Question

Hallmark would like to test the hypothesis that those celebrating Valentine's Day will spend more than an average of $125 on gifts. A random sample of 18 people celebrating Valentine's Day spent an average of $148.50 with a standard deviation of $34.90. Hallmark would like to set α = 0.01. Use the p-value approach to test this hypothesis.

Answer 1

We conclude that those celebrating Valentine's Day spend more than an average of $125 on gifts.

Explanation:

We are given that Hallmark would like to test the hypothesis that those celebrating Valentine's Day will spend more than an average of $125 on gifts.

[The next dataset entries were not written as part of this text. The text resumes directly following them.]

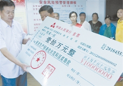 今年以来,安徽台湾a片 杨庄矿加大了对安全生产标准化区队的奖励力度。截至8月12日,该矿已实现连续安全生产1420天。图为杨庄矿将7月安全生产标准化示范科区10万元奖金和贺信送到综采一区。
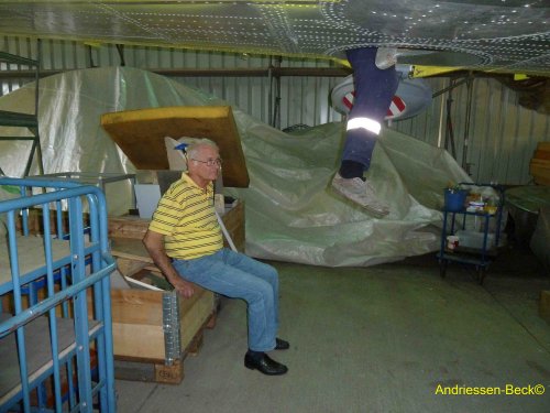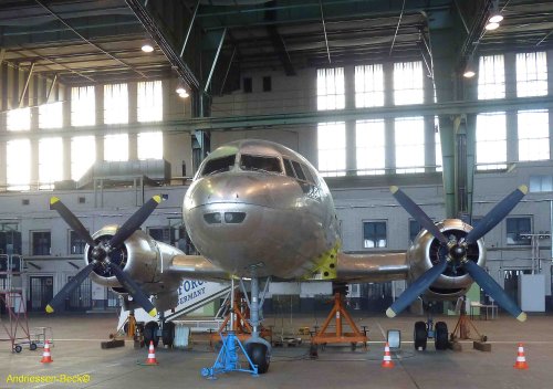 Dezember 2020: Hurra, unsere IL-14 ist wieder in einem Tempelhofer Hangar und steht auf ihren eigenen Rädern! Wir können in die Winter- und Corona-Pause gehen.
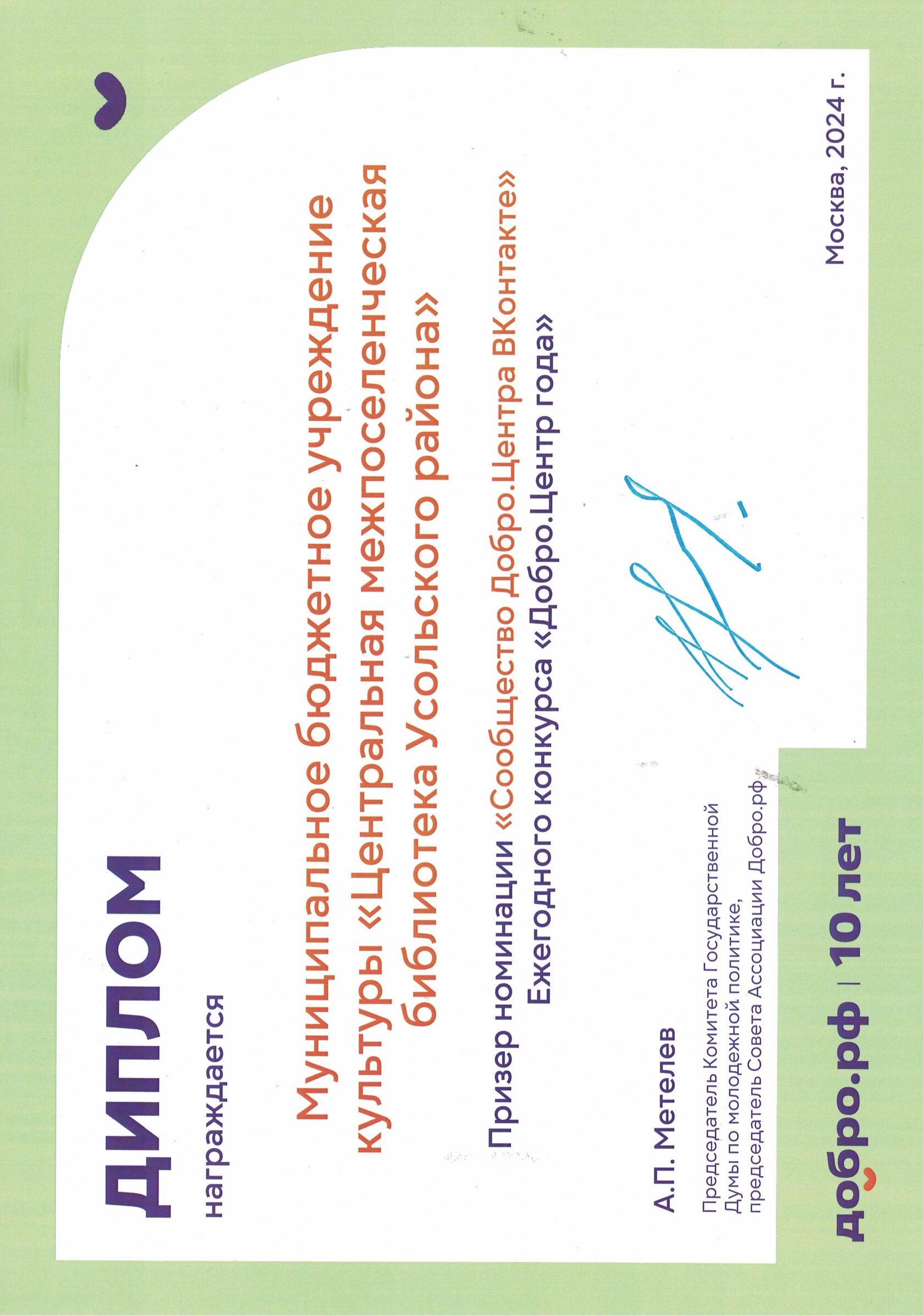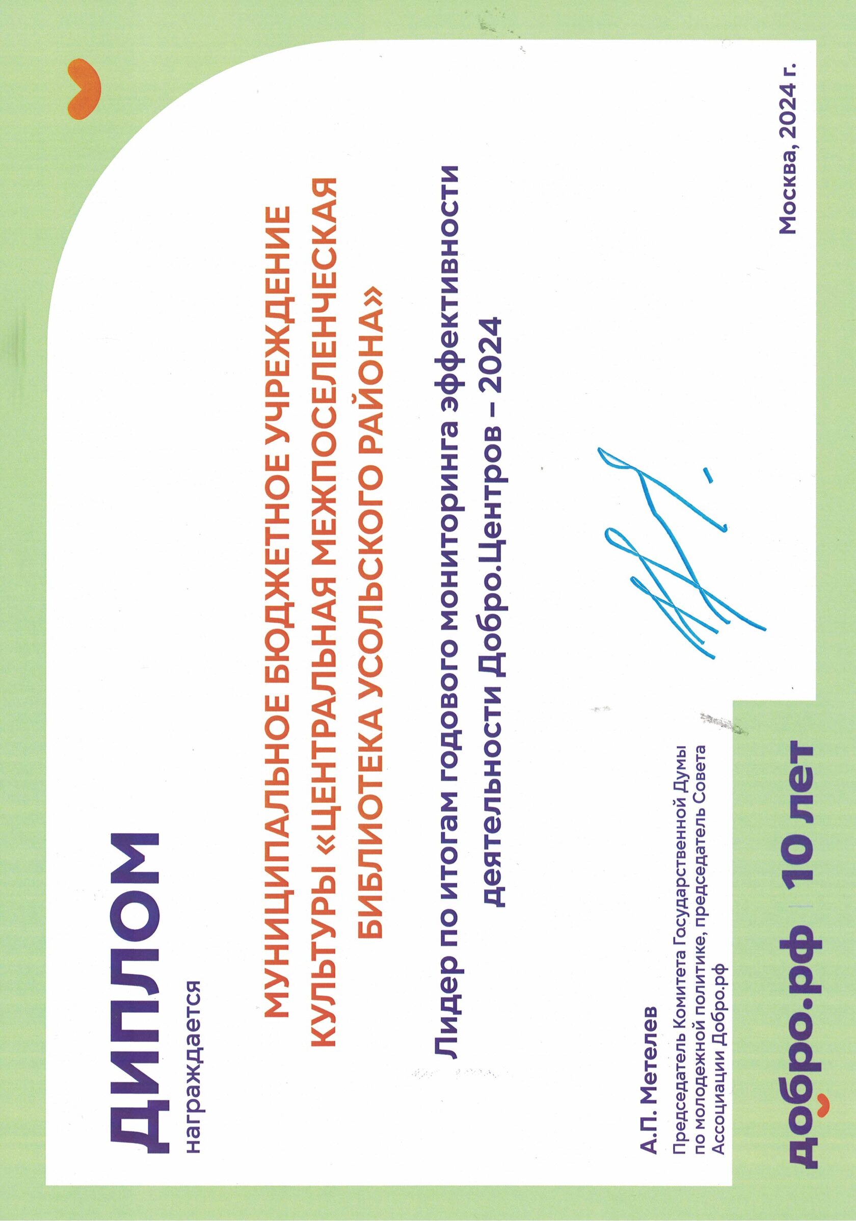 Вошли в ТОП-150 лидеров по итогам мониторинга эффективности деятельности Добро.центров - 2024. За это достижение центр был награжден дипломом и планшетом.
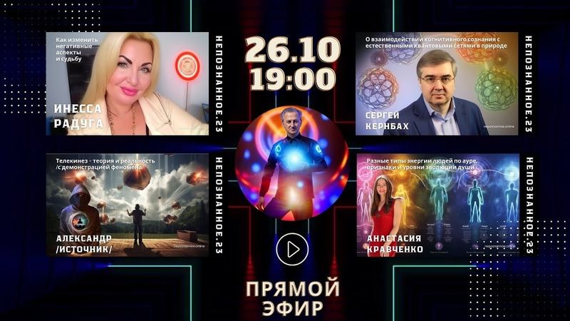 26 октября, 19:00 – 21:00 мск на ТВ-Экстра пройдет стрим, посвященный Конференции Непознанное. В эфире регрессолог и ясновидящая Анастасия Кравченко, парапсихолог Инесса Радуга, исследователь AI Сергей Кернбах и мастер телекинеза – Александр. Также к эфиру подключится бизнес-астролог и организатор фестиваля духовных практик «Я тебя вижу» Александра Секачева. Среди участников эфира разыгрываются: Новые книги Марины Кейлиной […]
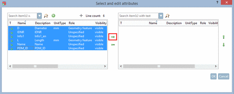 If the respective attribute has been hidden in PARTproject, here, the option is automatically set to invisible and vice versa at the export the setting is used in PARTdataManager.
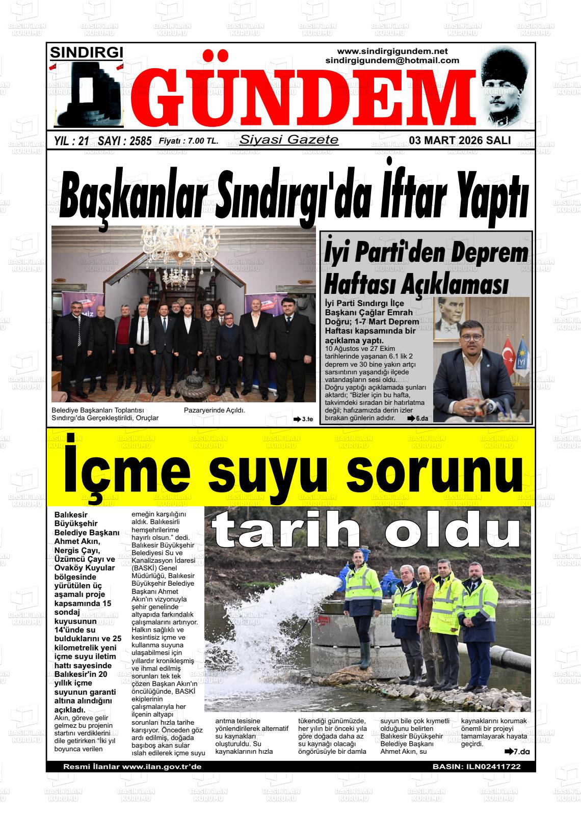 SINDIRGI GÜNDEM
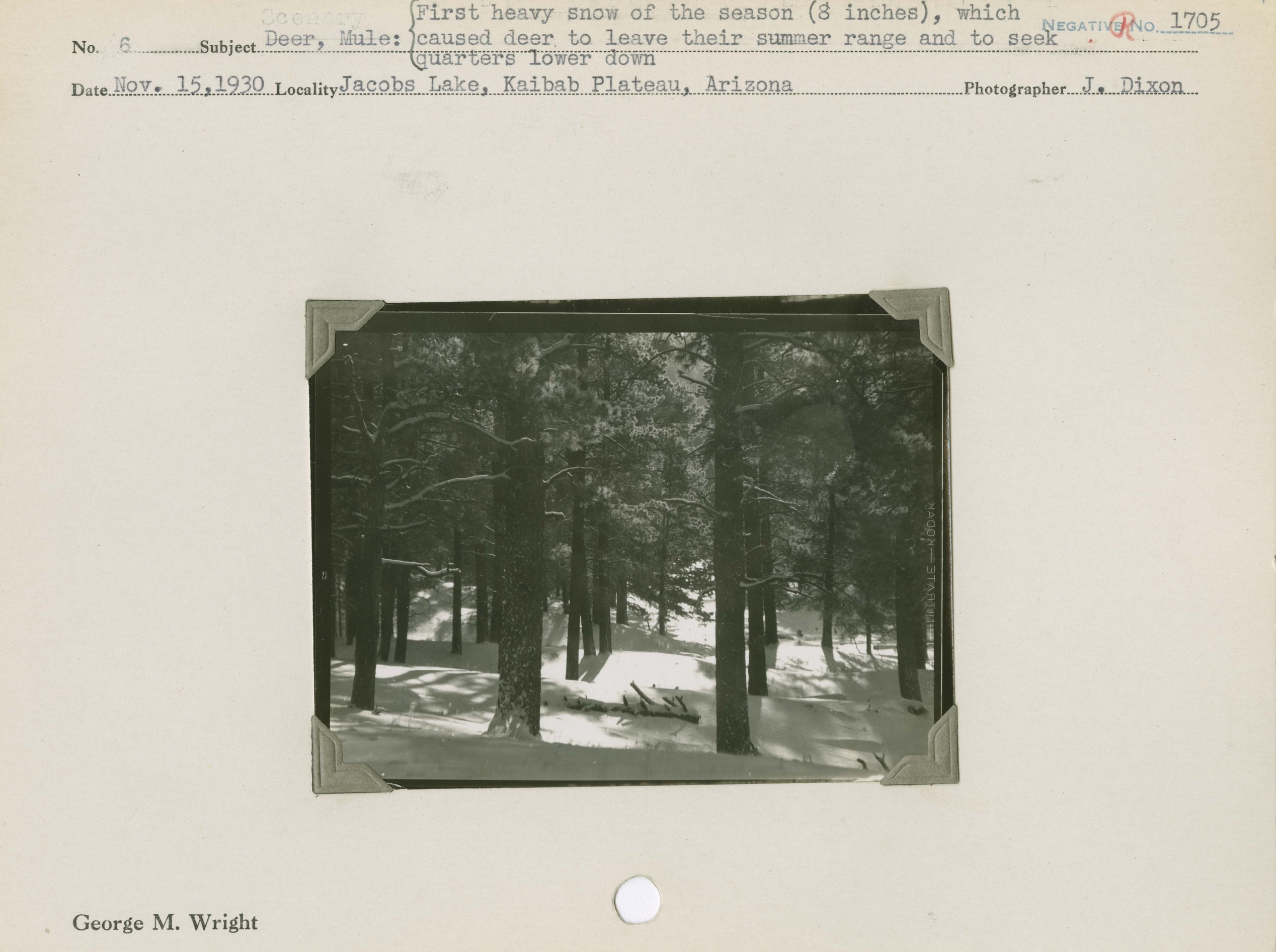 Deer, Mule – First heavy snow of the season (8 inches), which caused deer to leave their summer range and to seek quarters lower down. Negative #: 1705. Locality: Jacobs Lake, Kaibab Plateau, Arizona.
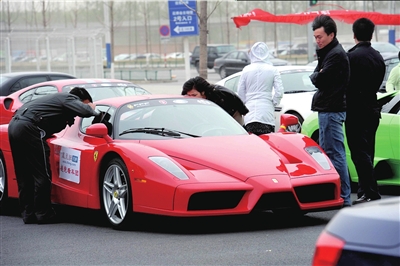 昨天是北京國際車展專業觀眾日的第一天。展館外的花博會停車場上,停了約50輛超級跑車,寶馬、法拉利、保時捷、奧迪、奔馳等豪華車品牌悉數到場,無意中成了一個小型“豪華車展”,零距離接觸跑車的快感,吸引了不少路人和看展人的視線。
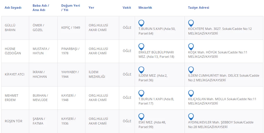Kayseri’de bugün 5 vatandaşımızı kaybettik. Kayseri’de bugün vefat edenler kimler?
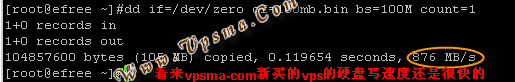 此功能也可以顺便检测下你买的vps的硬盘的写速度,看下vpsma新买的数据吧:
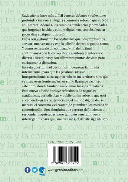 Cada año se hace más difícil generar debates y reflexiones profundas sin caer en lugares comunes sobre lo que sucede en Internet. Además, los cambios, tendencias y novedades que imponen la vida y cultura digital vuelven obsoleta en pocos días cualquier discusión. Estos son justamente los obstáculos que nos propusimos sortear, una vez más y con la edición de este segundo tomo. Y como se trata de un comienzo y no de un final continuamos con la convocatoria a autores y autoras de diversas disciplinas y con diferentes puntos de vista para enriquecer la discusión. En esta oportunidad decidimos incorporar la mirada internacional para que las palabras, ideas e interpretaciones no se agoten solo en un territorio sino que se atraviesen fronteras. Así es como llegamos a concebir este libro, donde también ampliamos los ejes temáticos. Esta nueva edición incluye reflexiones de negocios, académicas, periodísticas y publicitarias sobre lo que está sucediendo en las redes sociales, el mundo digital de las marcas, el consumo y el contenido y también los medios de comunicación. Son abordajes que acercan definiciones y responden inquietudes, pero también generan nuevos interrogantes para que, una vez más, el debate siga abierto.
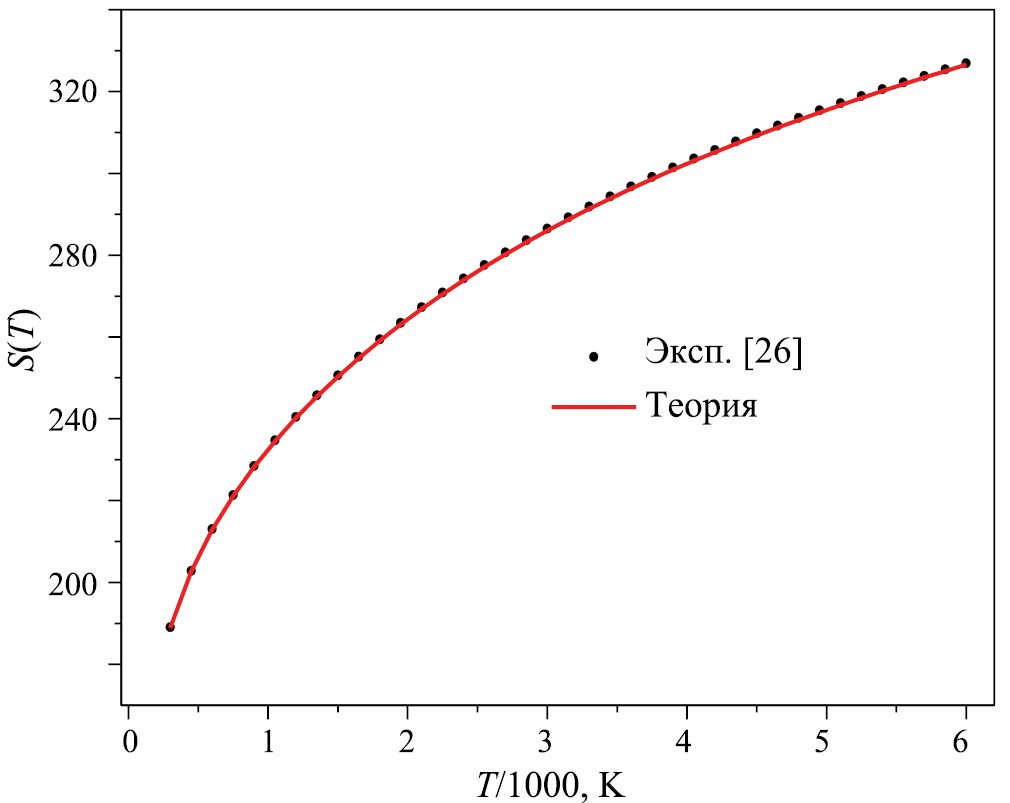 Рис. 4. Сравнение рассчитанных величин с экспериментальными данными [26] на графике молярной энтропии (Дж/(моль К)) от температуры.
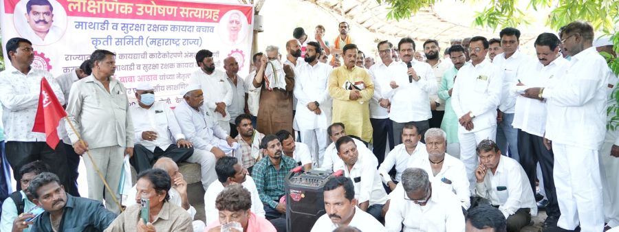 मुंबई : राज्यात माथाडी कायद्याची काटेकोरपणे अंमलबजावणी होत नसल्याच्या निषेधार्थ ‘माथाडी-सुरक्षा रक्षक कामगार बचाव कृती समिती'च्या वतीने २० मे रोजी बांद्रा-कुर्ला कॉम्प्लेक्स मधील राज्याचे कामगार आयुक्त कार्यालयासमोर ‘कृती समिती'चे अध्यक्ष तथा जेष्ठ कामगार नेते डॉ. बाबा आढाव आणि माथाडी कामगार नेते नरेंद्र अण्णासाहेब पाटील यांच्या नेतृत्वाखाली एक दिवसीय लाक्षणिक उपोषण आंदोलन करण्यात आले. या आंदोलनाची दखल शासनाकडून तत्काळ घेण्यात आल्यानंतर कामगार मंत्री आकाश फुंडकर यांच्या प्रमुख उपस्थितीत ‘कृती समिती'च्या शिष्टमंडळाची अधिकाऱ्यांसमवेत बैठक घेण्यात आली.
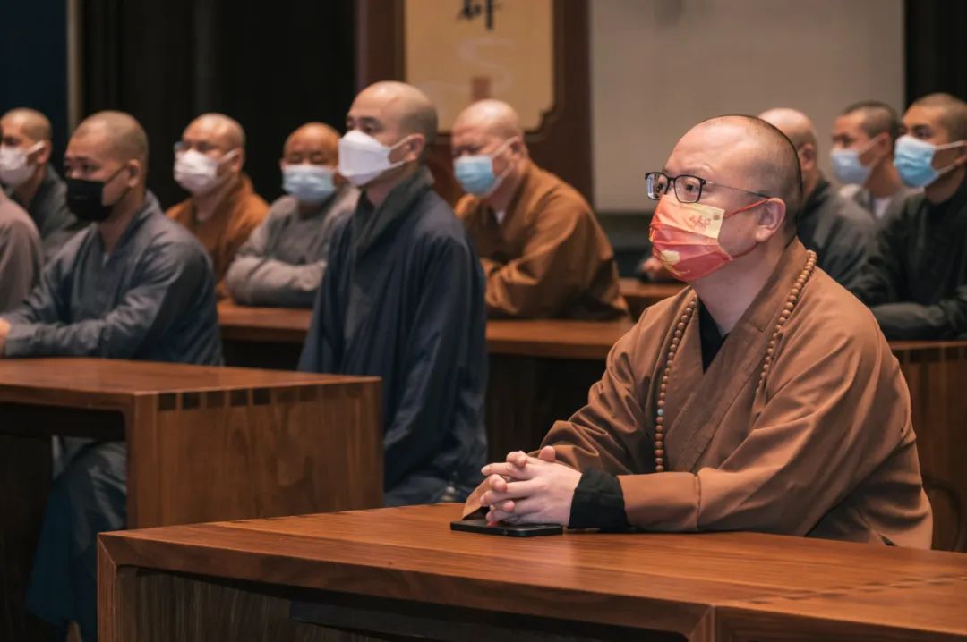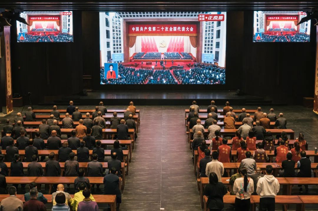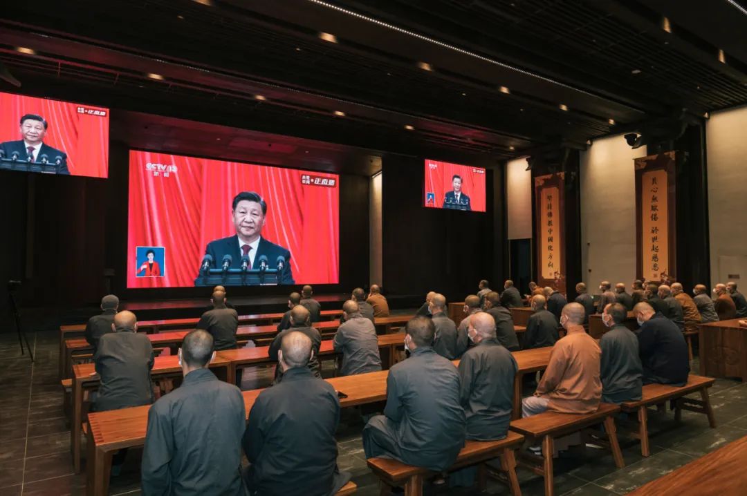 2022年10月16日上午,径山禅寺全体僧众、职工齐聚五观堂多功能厅,收看党的二十大开幕式实况直播。

A random sample of 18 people celebrating Valentine's Day spent an average of $148.50 with a standard deviation of $34.90.

Let
`\mu` = average amount spent on gifts celebrating Valentine's Day

So, Null Hypothesis,
`H_0` :
`\mu`
`\leq` $125 {means that those celebrating Valentine's Day spend less than or equal to an average of $125 on gifts}

Alternate Hypothesis,
`H_A` :
`\mu` > $125 {means that those celebrating Valentine's Day spend more than an average of $125 on gifts}

The test statistics that will be used here is One-sample t test statistics as we don't know about population standard deviation;

T.S. =
`(\bar X-\mu)/((s)/(√(n) ) )` ~
`t_n_-_1`

where,
`\bar X` = sample average amount spent = $148.50

s = sample standard deviation = $34.90

n = sample of people = 18

So, test statistics =
`(148.50-125)/((34.90)/(√(18) ) )` ~
`t_1_7`

= 2.857

The value of the sample test statistics is 2.857.

Now, P-value of the test statistics is given by the following formula;

P-value = P(
`t_1_7` > 2.857) = 0.0056

Because in the t table the critical value of 2.857 at 17 degree of freedom will lie between P = 1% and P = 0.5%.

Now, since P-value of test statistics is less than the level of significance as 0.01 > 0.0056, so we sufficient evidence to reject our null hypothesis.

Therefore, we conclude that those celebrating Valentine's Day spend more than an average of $125 on gifts.